第103話 ミーア死す!?

公爵領では領民も順調に増えてきています。集合住宅も大分建てました。分譲タイプのものと賃貸のもの。賃貸の物件は冒険者に人気です。家族向けで作っているものが多いので、4~5人のパーティーだと宿屋より安く借りられるみたいなので。


私がポルティアにかまっている間、魔導発動機が開発できたとの報告がありました。


「魔導発動機が出来たって聞いたけど、どんな感じ?」

「はい。こちらが開発した魔導発動機になります」


帝国製のものと比べて大分コンパクトなようです。


「性能はどうなの?」

「帝国製のものより力も回転数も出ています。耐久性については現在試験中ではありますが、既に目標値は越えています」

「量産の目途は?」

「今のところ月に4~6台と言ったところですが、本格的な量産となれば現在の設備でも月に10台は問題ないです。魔導発動機用の専門の製造工房であれば、工房の大きさにもよりますがそれなりにはできるのではないでしょうか。特にレアなスキルは使っていませんので」

「そうしたら、このタイプのものを月2台のペースでいいですから作り続けてください。それから違うタイプの開発をお願いします。1つは軽くて小さいもの。力も回転数もここまではいいわ。主に農機具に使うものとして考えて。それからもう一つは大きさはこれの5倍ぐらいあってもいいから、とにかく力が欲しいわ。使うのは船ね」

「船ですか?」

「ええ。今の船の動力は主に風だけど、それだと天気に影響されるでしょ。向かい風だと進みにくいし。まぁ風の魔法使いを使えばある程度自由は効くけど。それに帆を張ると船って不安定になるのよね。だから私はこの魔導発動機を船の動力に使いたいのよ。これなら天気の影響も少なくなるし、船の速さもかなり出ると思うの」

「それはいいですね。是非やりましょう」

「あとこの魔導発動機、デザインの所や力を伝える研究をしているところにも渡しておいてね」


クルマの開発は順調なようです。車輪もできてるし、魔導発動機もできた。車輪の軸受けもできていて、馬車や荷車に応用させています。
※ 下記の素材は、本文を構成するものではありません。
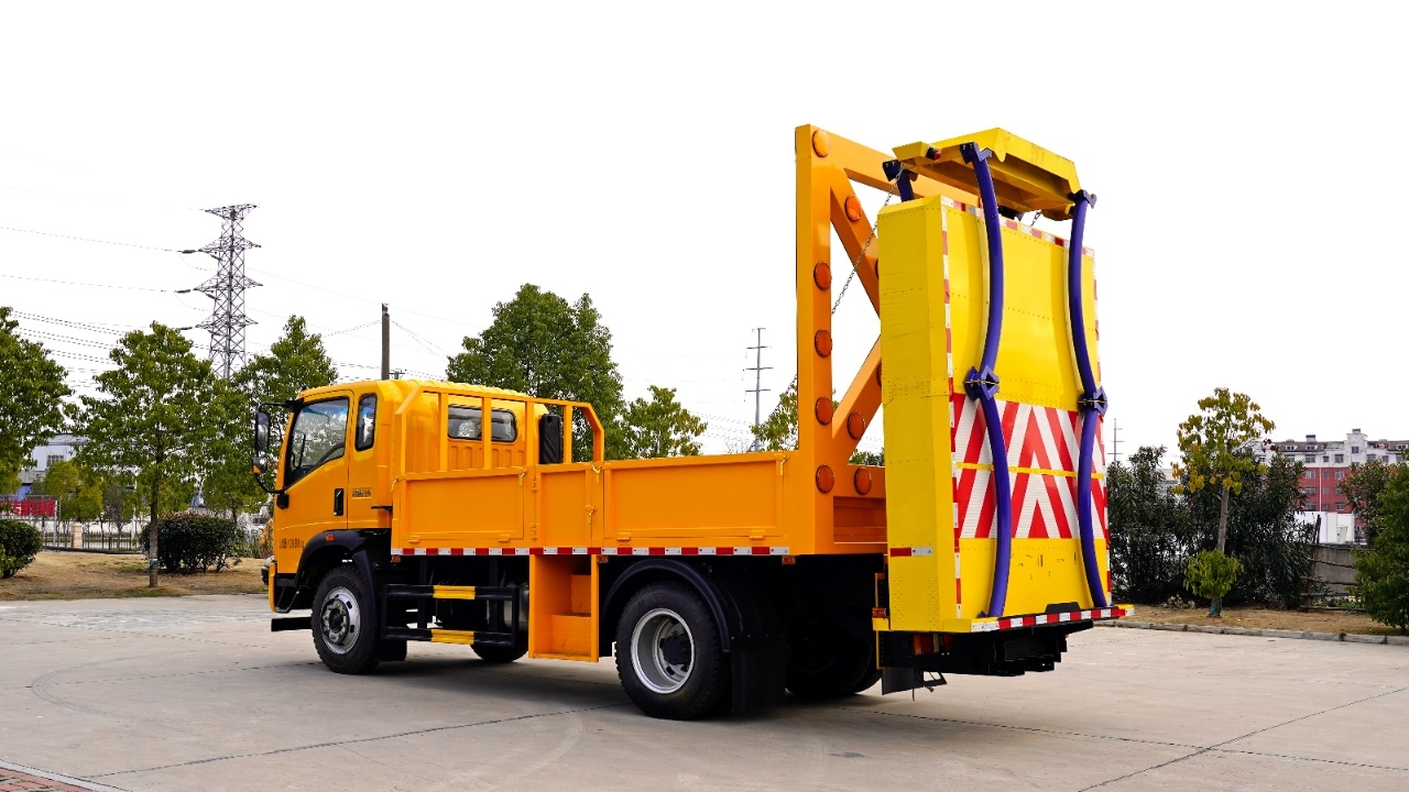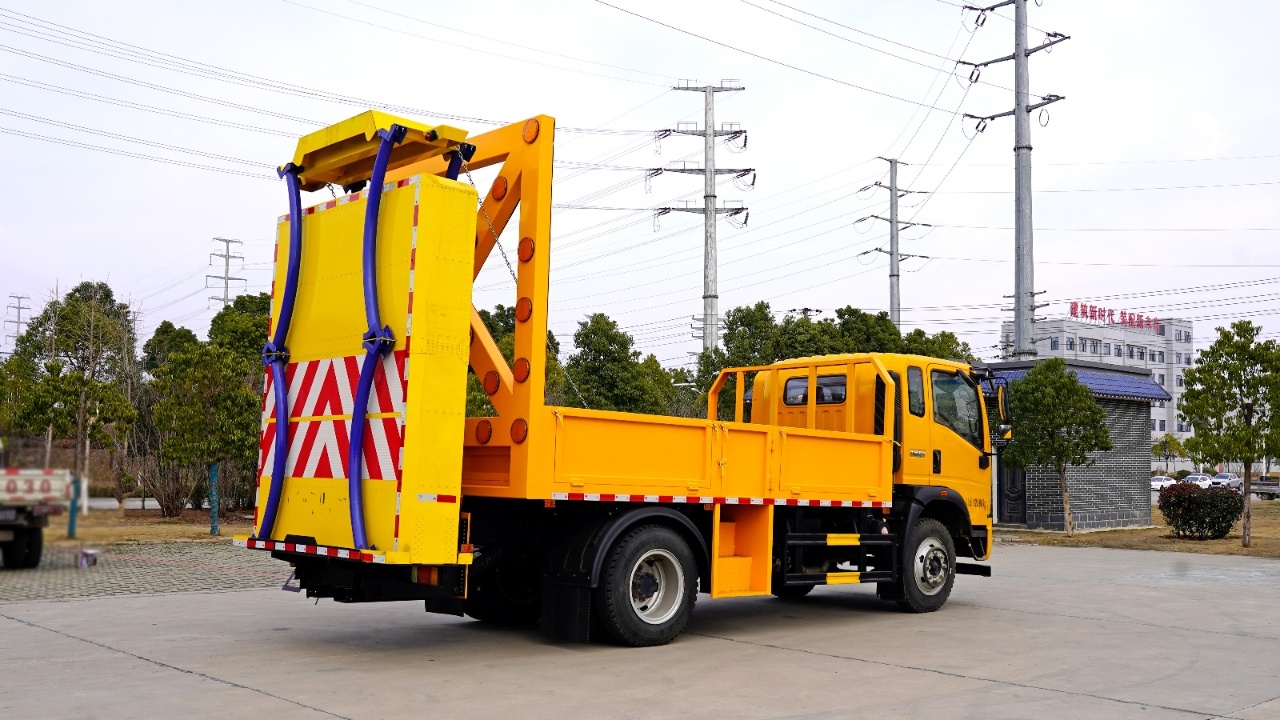 貨箱采用Q235國標優(yōu)質碳鋼板,箱體后部防撞緩沖模塊包采用國際知名技術產品100K防撞緩沖模塊,防撞緩沖吸能模塊主要由車載防撞緩沖墊和導向標志架組成,充當施工作業(yè)車輛后方的緩沖衛(wèi)士。 如若發(fā)生追尾事故,能夠在肇事車輛和前方施工作業(yè)區(qū)域之間構建一個緩沖區(qū)域,通過機具結構變形吸收撞擊的能量,最大限度地降低被保護人員及設備遭到碰撞的幾率。高性能液壓系統(tǒng),可實現(xiàn)快速舉升和落下操作。
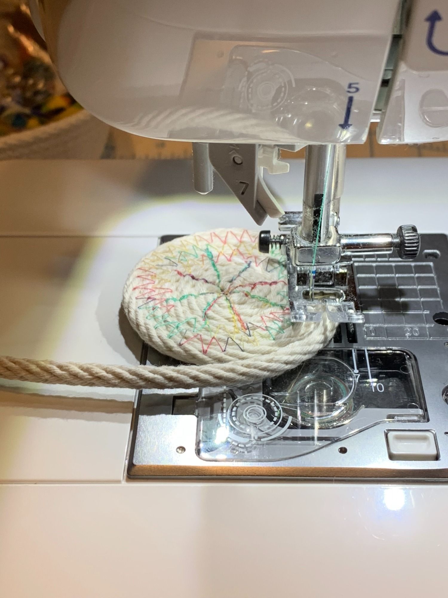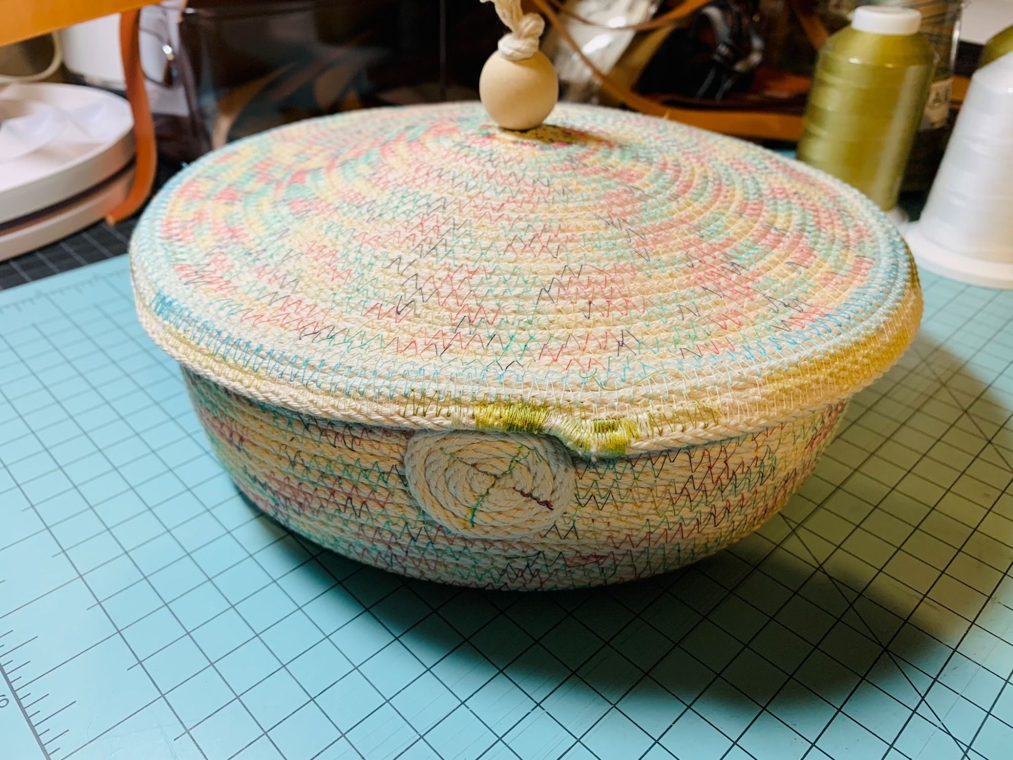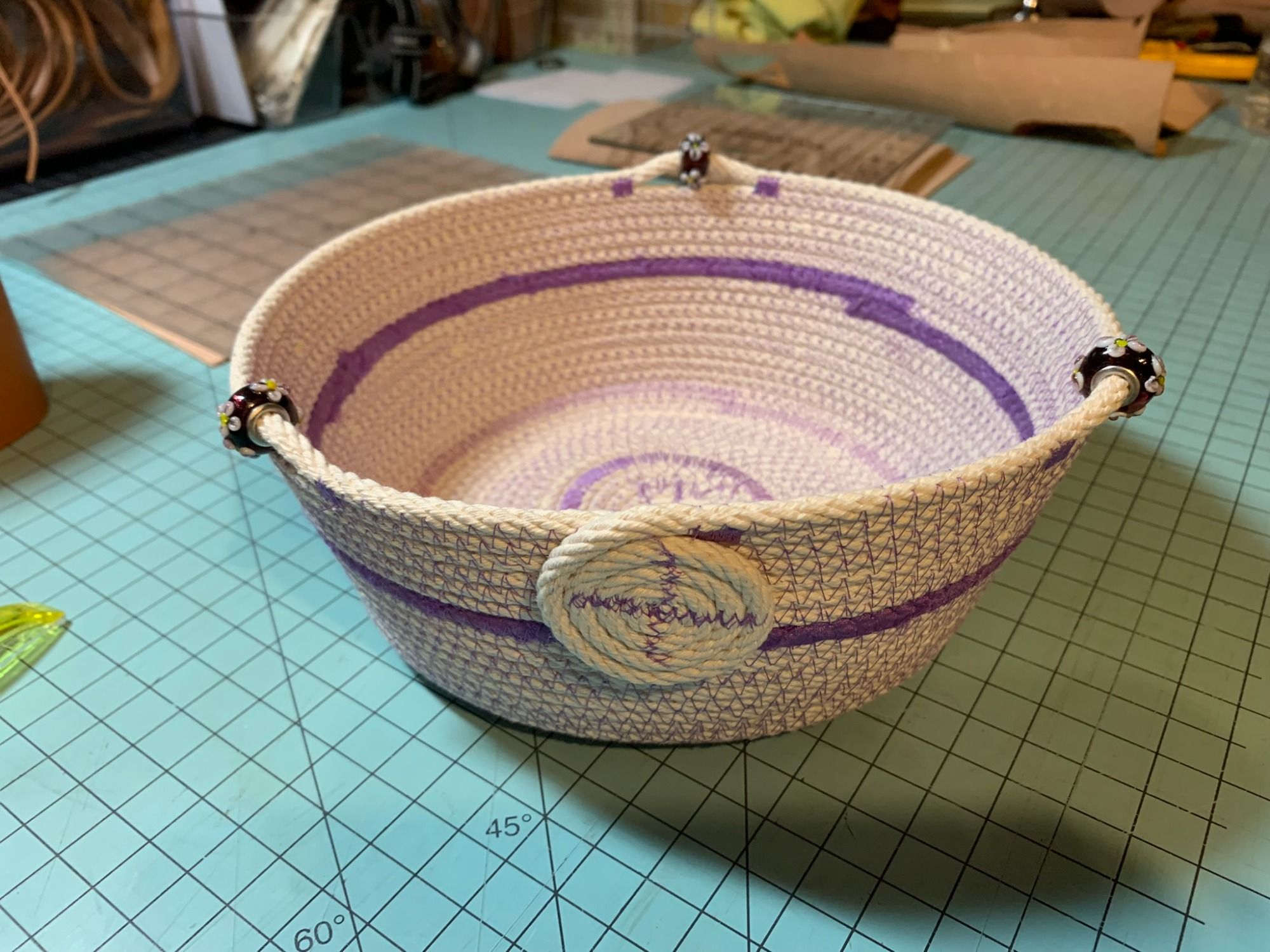 Some Bowls I have appled textile/fabric paint that is applied before sewing the rope to achieve bright, colorful stripes, or bowl rim edges on some baskets. .
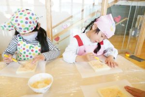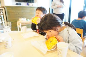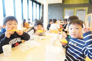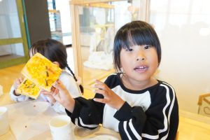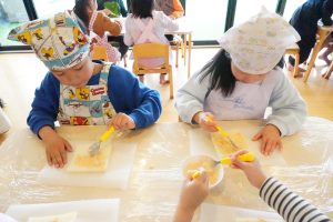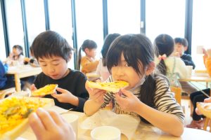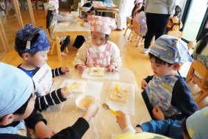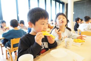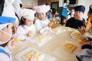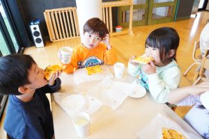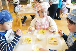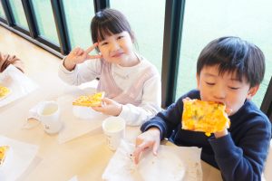 みんな自分たちで作ったピザトーストをおいしそうに食べていました
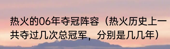 热火的06年夺冠阵容(热火历史上一共夺过几次总冠军,分别是几几年)

領内の舗装された道を走る分には大丈夫そうですから、多少荒れた道でも走れるような車も開発した方がいいですね。特に領外に出るためには。車輪と軸受け、発動機も大きくした方がいいし、多少のことでは壊れない耐久性も必要だから、今開発してるのとは別物になりますけど。



**********



「ミルランディア殿、少しよろしいかな」

「何でしょうか宰相殿」


王宮での会議の後、国王、王太子そして宰相(いつものメンバー)に呼び止められました。


「王国西部のドリウス侯爵領の領都ガドルの開都100周年の記念式典に出席してきてほしいのだ」

「構いませんけど。それは公爵として……、じゃなくって国王代理としてですよね」

「そうだ。代理としての仕事だ」

「飛行やワープでパパッと行くのは」

「ダメだ。ちゃんと近衛兵の警護の下ガドルへ向かうのだ」


一番苦手な旅です。イベントは起きない、話し相手もいない、ひたすら馬車の中、などなどなど………。

飽きるんですよ。しかも今回の旅にはサフィアもエレンもいません。夜、違う意味で襲われる心配はないのですが、いかんせん話もろくにしたことない人たちばかりですから。


王都からガドルまでは馬車でおよそ10日。宿や即時の心配はありません。夜営などと言うこともありません。私は平気ですけど、侍女の方辺りはダメでしょうからね。


ドリウス侯爵領には鉱山が幾つかあり、良質な鉱石を採掘しています。私の所にはまだ鉱山が見つかっていないので、こういったところとのお付き合い大切です。バイクもクルマも船もたくさんの鉄を使いますから。

その分農業の方は今一つと言ったところです。鉱山による収入が多いので食料は外から狩っているみたいです。うちもそこに1枚噛めればいいのですが。


当面の仕事は記念式典への出席です。国王代理ですからお客様扱いで、きっと挨拶もあるんでしょうね。そこら辺はもう慣れましたけど。


10日の予定ですから、余裕を見て2週間前に出発です。魔法で移動できるんだったら3日前ぐらいで十分なのにです。でも前にルイスおじさんやおじいさまが言っていた、途中で使うお金もこの国では大事なのです。だからしょうがないよね、今回は冒険者じゃないんだから。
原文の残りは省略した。